- Next.js: A React framework for building the user interface.
- Clerk: User authentication and management.
- NestJS: A robust Node.js framework for building APIs.
- MongoDB: NoSQL database for storing data.
- BullMQ: Queue processing for handling video processing tasks.
- Gemini & ChatGPT: Generate video scripts from text input.
- AWS Polly: Convert text to speech (Text-to-Speech - TTS).
- ViettelAI: Generate Vietnamese voiceovers for better localization.
- Kling & Gemini: Generate and modify character outfits in videos.
- Amazon S3: Store generated videos and voice files.
- Proxy Rotation: Avoid API request limits when sending high-volume requests.
This project enables users to generate AI-powered videos from text input by utilizing advanced AI models for script generation, voice synthesis, and character rendering. The generated videos are then stored in Amazon S3 and provided as shareable URLs.

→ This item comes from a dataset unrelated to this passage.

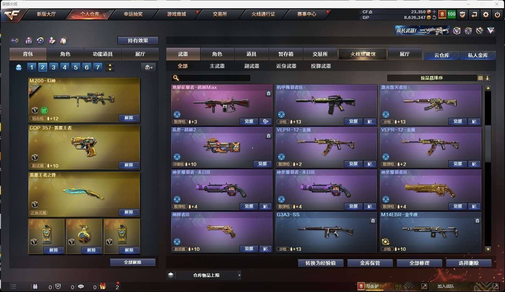 CFD542196号江苏一区 vip6 128v【m200幻神黄忠皮肤】【98k星神】【6盘龙6烈龙2炼狱斯泰尔蝴蝶斯泰尔死亡之眼】【雷霆王者套装】【夜魔套装】【qbz03金色蔷薇qbz03云龙】【黑骑士黑骑士音效卡】【雷神雷神音效卡传奇n9皮肤】【毁灭呛娘格雷姐妹皮肤】【黑武士cf网剧冠军武器套装】【王者火魄 王者炎心】【王者之魄 王者之光 王者之城 王者之势 王者之武】【朱雀】【烈火 天启 常胜将军 身先士卒 黑鲨 火麒麟 无影 黑骑士 龙血 青龙 死神 武圣 玄武 玄武 黑武士锦绣游龙 天龙 芭蕾特暗月传说 极光 芭蕾特金色蔷薇 裁决】——【热门武器/小人呛】【火麒麟灵狐 斯泰尔蝴蝶 m37葵 ak47斯沃特】——【cop雷霆王者3 武圣2 usp雷暴 破空呛刃夜魔 天神 修罗2 天神cf网剧冠军套装】——【幻灵之锋 雷霆王者之锋 龙啸4 马来剑夜魔 麒麟刺 擎天2 擎天cf网剧冠军武器套装 荣耀世冠龙啸 屠龙3 王者之击 王者之啸 斩神刀雷暴】——【雷暴投掷物套装4 雷霆王者投掷物套装 夜魔投掷物套装4】——【角色】【4防职业经理】【迷迭香 炫】【修道士 王者之瞳】

- User Input: Users enter a text description or script.
- Script Generation: AI (Gemini/ChatGPT) processes the input and generates a script.
- Voice Synthesis: AWS Polly converts the script into a natural-sounding voice.
- Character & Outfit Customization: Kling & Gemini generate AI-powered characters with custom outfits.
- Video Processing: The generated voice and characters are combined into a video.